═════ Data for this exercise ═════

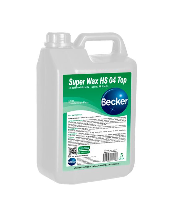 CaracterísticasÉ um impermeabilizante à base de polímeros acrílicos e ceras sintéticas de alta qualidade que permite ao filme grande resistência ao tráfego, brilho molhado tipo wet look e sistema de manutenção com polimento ultra high speed. Acabamento de última geração, indicado para todos os tipos de piso. Tem grande poder de cobertura e proteção para os pisos e ao ser aplicada deixa uma película lisa, dura e brilhante. Podendo ser polida por polidoras de 1500 a 3000 RPM.- Conteúdo: 5L- Fragrância: NeutroEspecificações- Físicas - Aspecto: Líquido - Cor: Branco - pH: 8,0 - 10,0 - Sólidos: 19 - 23%- Químicas - Composição: Copolímero acrílico, etil éter dietilenoglicol, agente formador de filme, emulsificante, coadjuvante, plastificante, conservante e veículo.Campo de aplicação: Formulado para todos os tipos de pisos laváveis em indústrias, escolas, clubes, hospitais, hotéis, cinemas supermercados, etc.Finalidade: Protege os pisos, deixando uma camada dura e resistente sobre os mesmos. Sua moderna formulação proporciona um efeito antiderrapante com eliminação por completo da porosidade do piso. Propicia um brilho molhado tipo WET LOOK.Modos de uso: Antes de aplicar SUPER WAX HS 04, o piso deverá estar limpo, seco e desincrustado. Para este fim, deve-se usar REMOVIT WAX. Aplica-se SUPER WAX HS 04 puro com mop ou pano de chão, tomando-se o cuidado de torcê-los para evitar excesso de produto.Para consultar a FDS (Ficha com Dados de Segurança), acesse (copiar e colar no navegador):https://preview--consultafdscontabilista.base44.app/share?product_id=74729* As especificações podem ser alteradas sem aviso prévio** Imagem meramente ilustrativa
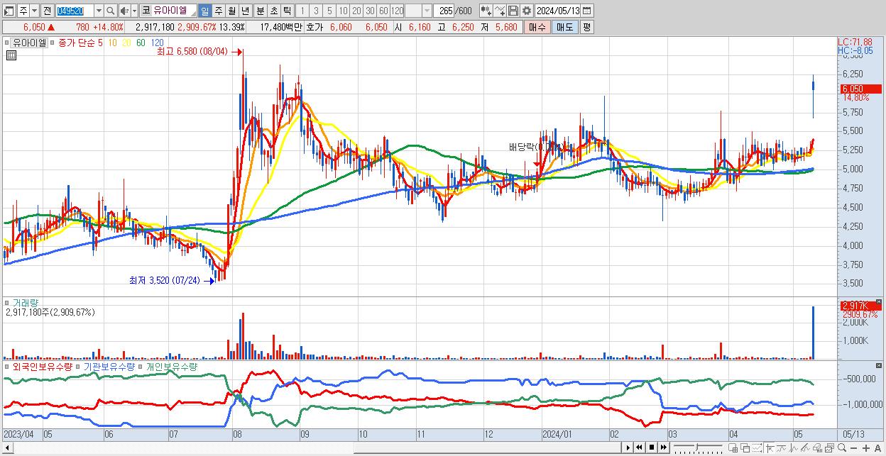 - 유아이엘 (6,050원 ▲ 14.8% , 시총: 1,318억, 거래량: 2,917,180, 거래대금:175억)
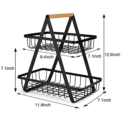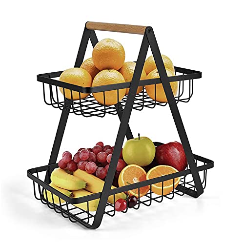 Spaceshoop - سلة فواكهة بدورين، منظم لرف المطبخ والسفرة، قابل للفصل، حامل لتخزين الخضروات والفاكهة (اللون: اسود)، معدن
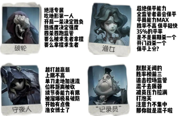 T2级别的角色有:渔女、小提琴家、噩梦。这些监管者同样拥有高伤害和高控制能力,渔女的“捕鱼达人”技能能在一定时间内提高攻击力和攻击范围,小提琴家的“狂野之弦”技能让他快速移动并提高攻击力,而噩梦的“噩梦侵袭”技能则能在一定时间内提高攻击力和攻击范围。
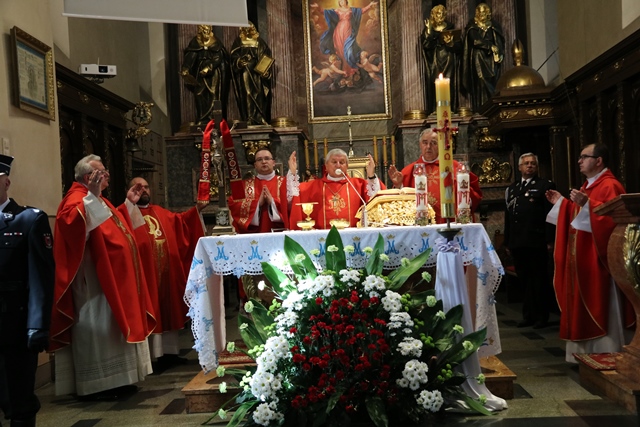 Wraz z biskupem kaliskim Edwardem Janiakiem modlili się: ks. prał. Jacek Plota, kustosz Narodowego Sanktuarium św. Józefa, ks. kan. Paweł Jabłoński, kapelan strażaków powiatu kaliskiego, ks. kan. Piotr Kuświk, kapelan strażaków powiatu ostrowskiego i ks. kan. Krzysztof Duchnowski, kapelan biskupa.
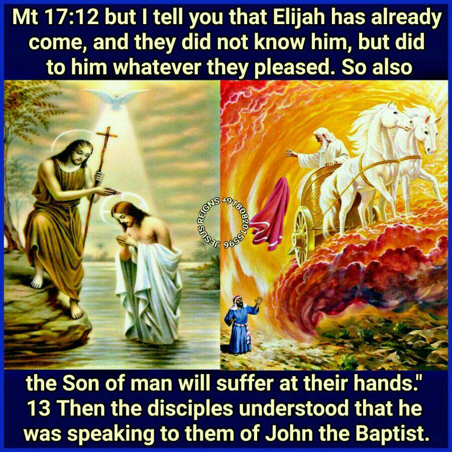9 And as they were coming down the mountain 10 the disciples asked him, "Then why do the scribes say that first Elijah must come?" 11 He replied, "Elijah does come, and he is to restore all things; 12 but I tell you that Elijah has already come, and they did not know him, but did to him whatever they pleased. So also the Son of man will suffer at their hands." 13 Then the disciples understood that he was speaking to them of John the Baptist.
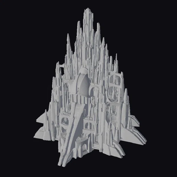 This towering green crystal cityscape is a marvel of fantastical architecture, boasting a complex geometry that showcases a multitude of interconnected structures. The model’s surface is adorned with a myriad of sharp, jagged spires that reach towards the sky, giving it an otherworldly appearance. The predominantly green hue is beautifully complemented by blue accents that add depth and a sense of luminescence. The cityscape’s design suggests a blend of organic and synthetic elements, making it a perfect fit for sci-fi and fantasy narratives. Its detailed texture and lighting make it an excellent choice for 3D printing, game development, virtual reality experiences, and animation projects.
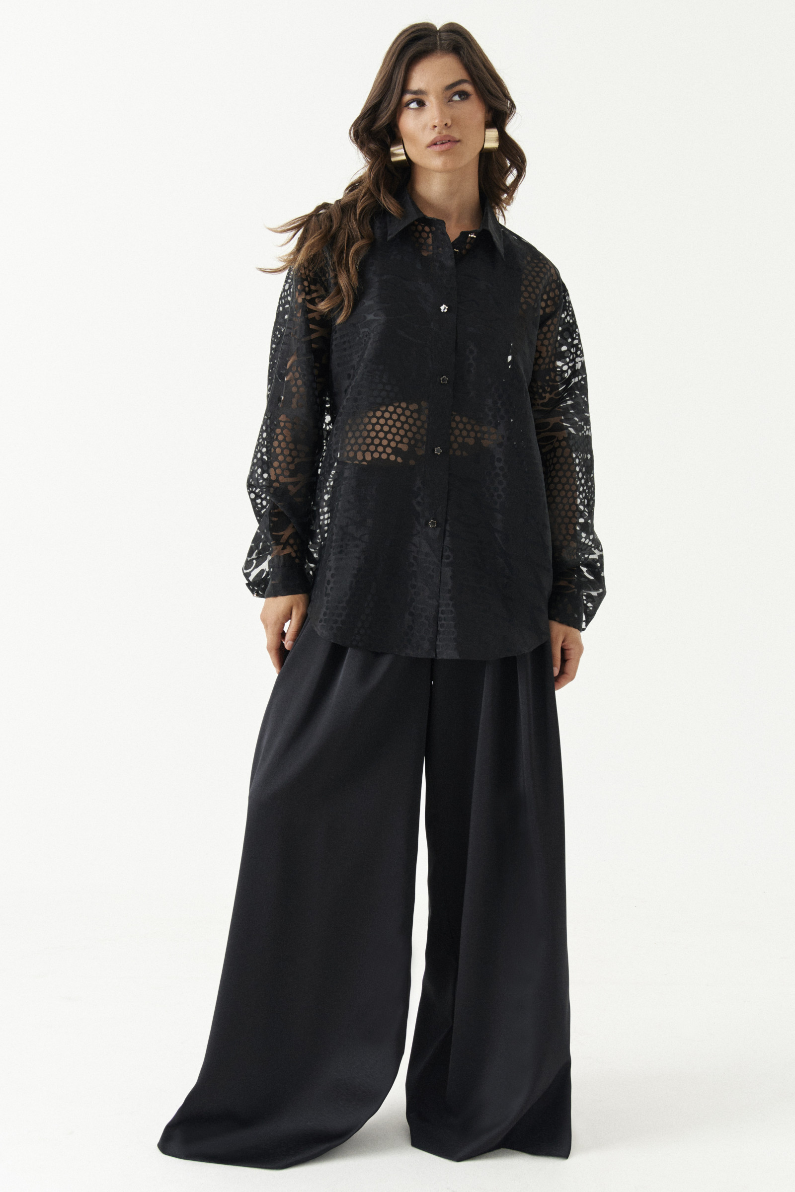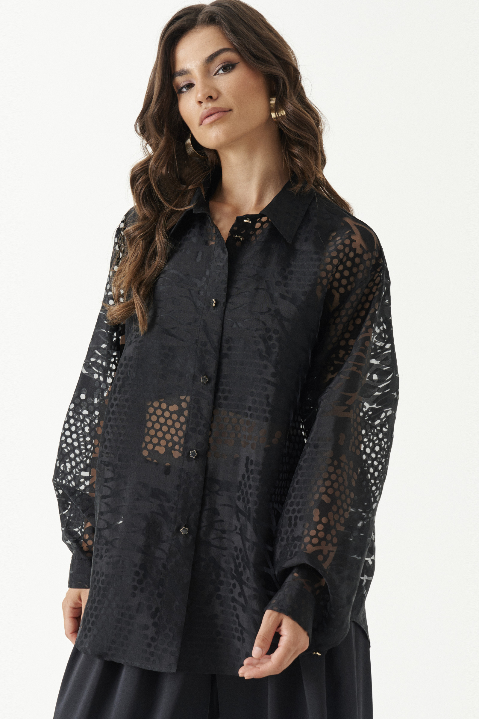 Блуза женская из легкой ткани для повседневной носки. Изделие прямого силуэта классической длины. Блуза с фронтальной застежкой на пуговицы, Воротник отложной рубашечный. Рукав длинный втачной оформлен притачной манжетой. Спинка с отрезной кокеткой. Красивая и очаровательная блузка станет вашим фаворитом.
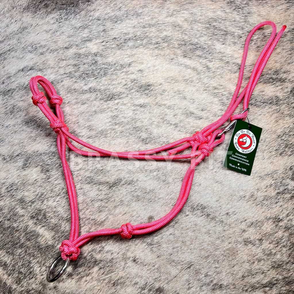 We just LOVE these halters. Do or Do Knot (DODK) halters are made with the best materials, by the best human, and are Minnesota Made! New with tags in bright pink. With chin ring and quick snap, making this halter easy to put on without having to worry about a halter knot. Has knots over the nose just like your favorite clinician style halters. Size Medium (Full/Average Size Horse). 24″ nose, 10-11″ cheek, 20-21″ crown. Is designed to have some adjustment to snug it up around the crown and cheek.
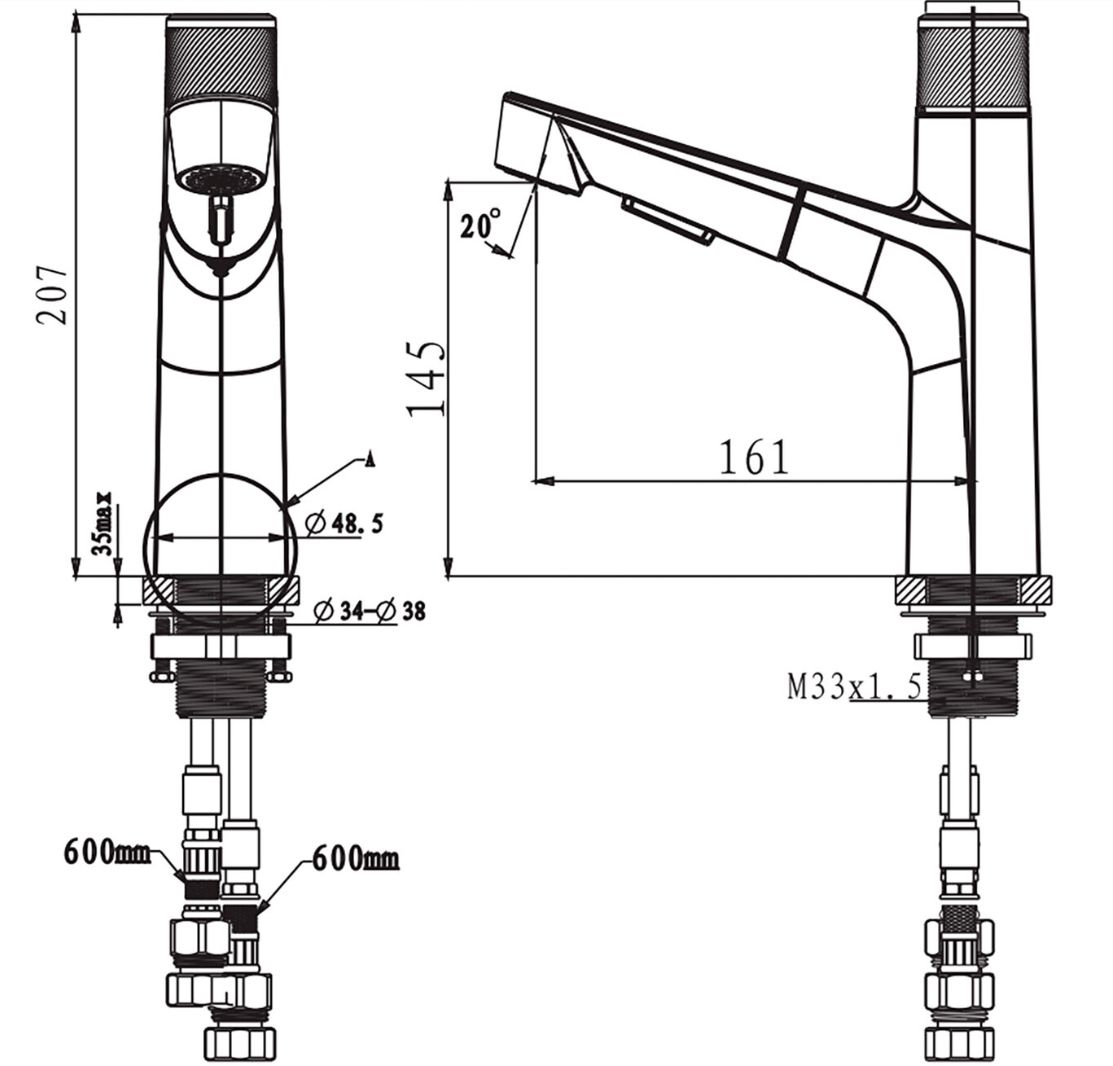 Смеситель для кухни ARROW AMP11868ACCP с выдвижным изливом, хром
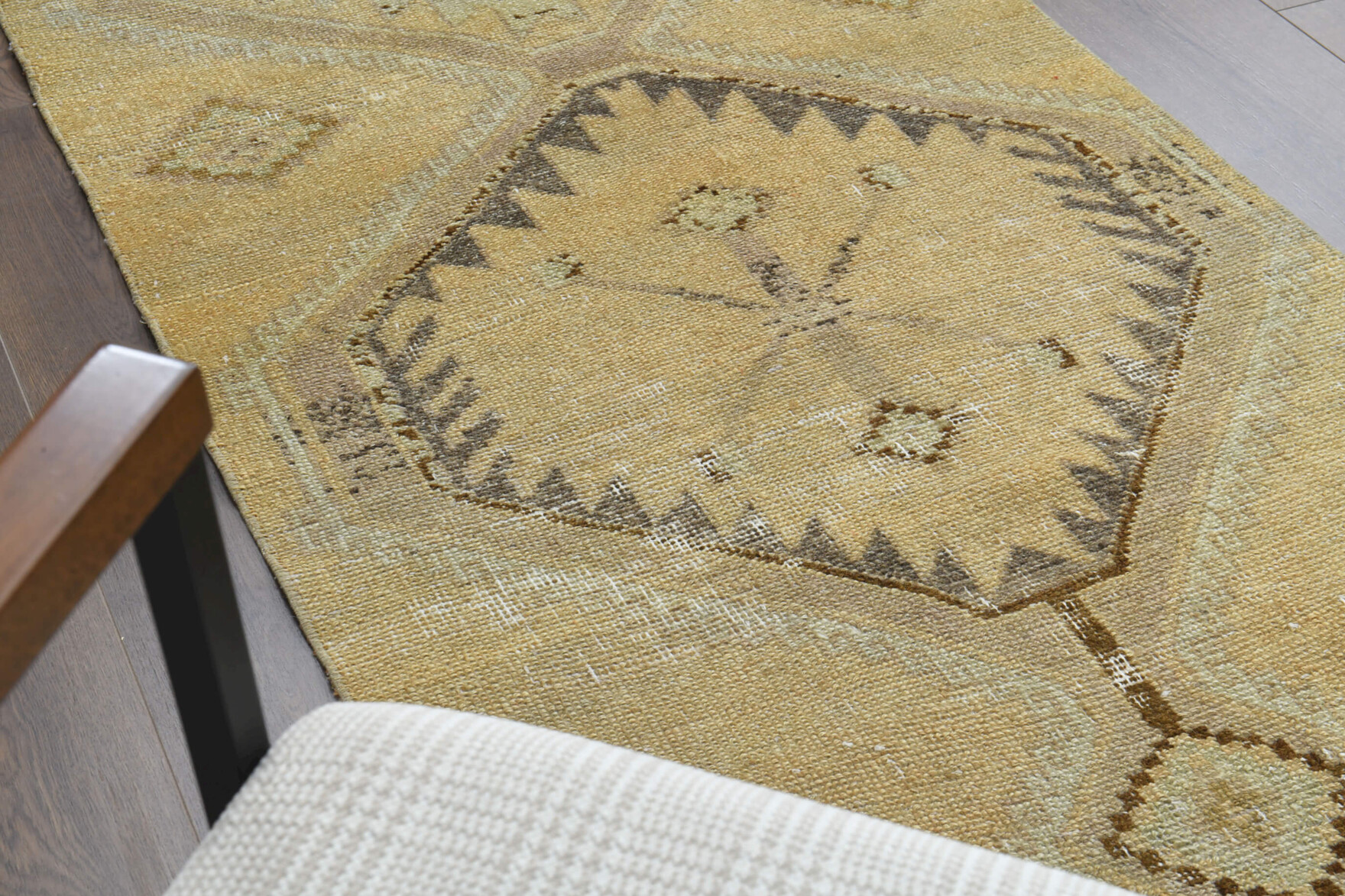 This one-of-a-kind vintage rug is hand-knotted and handwoven in Anatolia, Turkey from a unique wool blend.
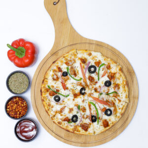 A fiery favorite! Loaded with tender chicken tikka chunks, zesty sauce, melty mozzarella, and vibrant veggies — all baked on a golden crust. Where classic pizza meets bold desi flavor.
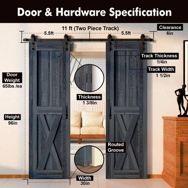 30 in. x 96 in. X-Frame Navy Double Pine Wood Interior Sliding Barn Door with Hardware Kit, Non-Bypass
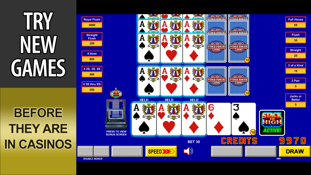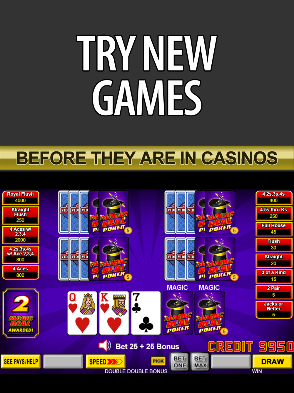 This is the only app with all the most popular video poker games. Choose from all time favorites like Triple Play Poker, Super Times Pay Poker, and Ultimate X Poker.
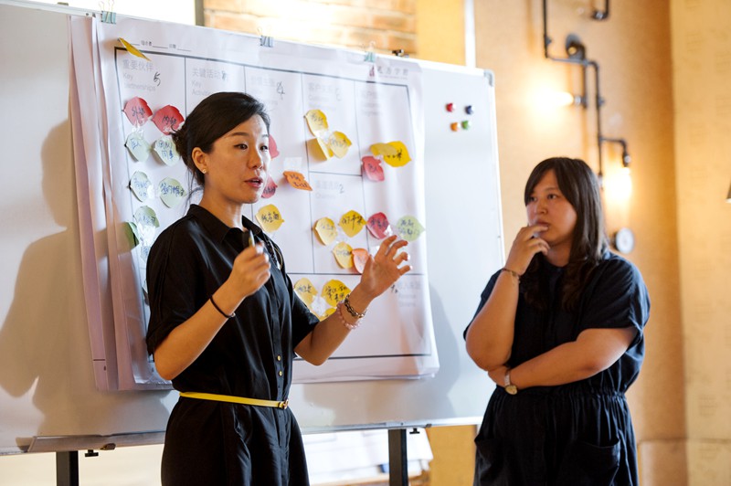 最后,由每一組選派一位代表上臺闡述自己所在組的商業(yè)模式,其他人就此進(jìn)行提問。秦瑛教練分別對各組進(jìn)行簡短點(diǎn)評。這一環(huán)節(jié)讓學(xué)員們在理清自己商業(yè)模式的同時,也能聽到其他人的建議和不同觀點(diǎn),避免自己走入誤區(qū)。
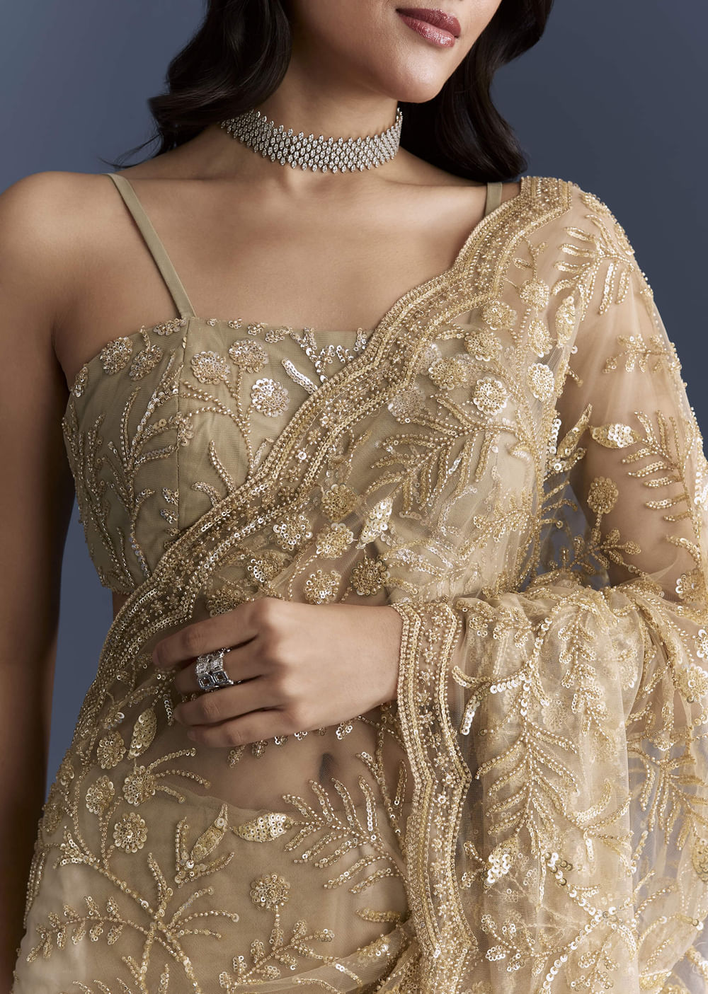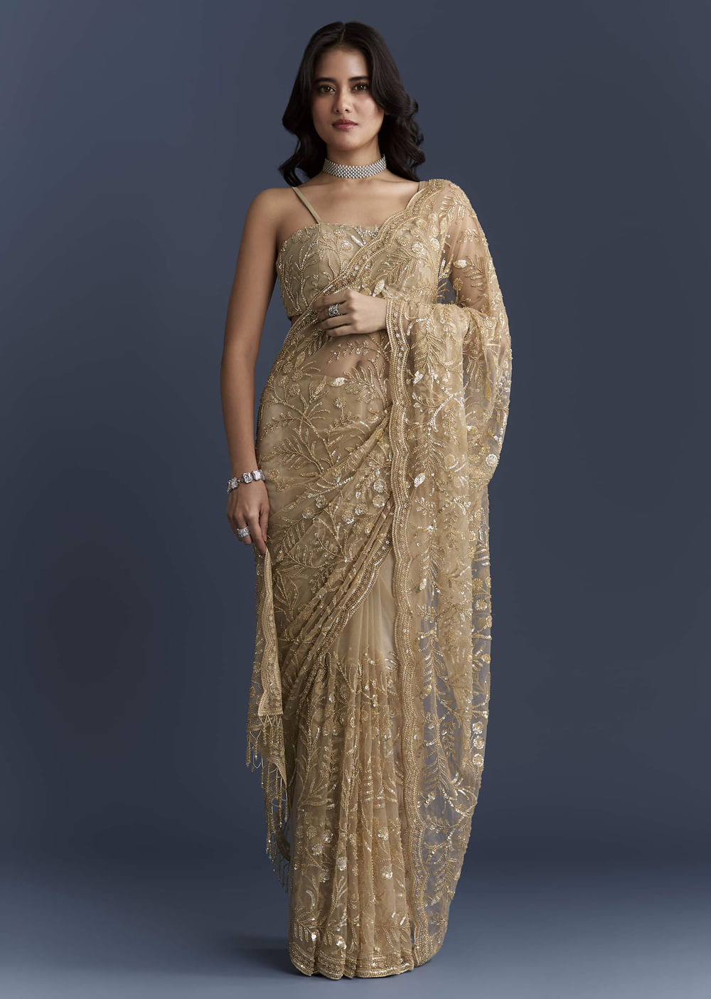 Soft-focus shimmer comes naturally to this gold net saree, catching light while staying airy through long events. Heavy floral sequin embroidery meets a scalloped edge and latkans, with a coordinated embroidered blouse fabric to complete the set. You feel luminous, refined and ready for reception, party and cocktail settings. Awarded as the Most Trusted Brand, we're delivering styles you love, just as promised.

═════

**Your instructions:** Copy nothing but the lines from the top of the data down to the line containing "T2级别的角色有:渔女、小提", and leave the pictures out.

**Answer to the exercise:**
 CaracterísticasÉ um impermeabilizante à base de polímeros acrílicos e ceras sintéticas de alta qualidade que permite ao filme grande resistência ao tráfego, brilho molhado tipo wet look e sistema de manutenção com polimento ultra high speed. Acabamento de última geração, indicado para todos os tipos de piso. Tem grande poder de cobertura e proteção para os pisos e ao ser aplicada deixa uma película lisa, dura e brilhante. Podendo ser polida por polidoras de 1500 a 3000 RPM.- Conteúdo: 5L- Fragrância: NeutroEspecificações- Físicas - Aspecto: Líquido - Cor: Branco - pH: 8,0 - 10,0 - Sólidos: 19 - 23%- Químicas - Composição: Copolímero acrílico, etil éter dietilenoglicol, agente formador de filme, emulsificante, coadjuvante, plastificante, conservante e veículo.Campo de aplicação: Formulado para todos os tipos de pisos laváveis em indústrias, escolas, clubes, hospitais, hotéis, cinemas supermercados, etc.Finalidade: Protege os pisos, deixando uma camada dura e resistente sobre os mesmos. Sua moderna formulação proporciona um efeito antiderrapante com eliminação por completo da porosidade do piso. Propicia um brilho molhado tipo WET LOOK.Modos de uso: Antes de aplicar SUPER WAX HS 04, o piso deverá estar limpo, seco e desincrustado. Para este fim, deve-se usar REMOVIT WAX. Aplica-se SUPER WAX HS 04 puro com mop ou pano de chão, tomando-se o cuidado de torcê-los para evitar excesso de produto.Para consultar a FDS (Ficha com Dados de Segurança), acesse (copiar e colar no navegador):https://preview--consultafdscontabilista.base44.app/share?product_id=74729* As especificações podem ser alteradas sem aviso prévio** Imagem meramente ilustrativa
 - 유아이엘 (6,050원 ▲ 14.8% , 시총: 1,318억, 거래량: 2,917,180, 거래대금:175억)
 Spaceshoop - سلة فواكهة بدورين، منظم لرف المطبخ والسفرة، قابل للفصل، حامل لتخزين الخضروات والفاكهة (اللون: اسود)، معدن
 T2级别的角色有:渔女、小提琴家、噩梦。这些监管者同样拥有高伤害和高控制能力,渔女的“捕鱼达人”技能能在一定时间内提高攻击力和攻击范围,小提琴家的“狂野之弦”技能让他快速移动并提高攻击力,而噩梦的“噩梦侵袭”技能则能在一定时间内提高攻击力和攻击范围。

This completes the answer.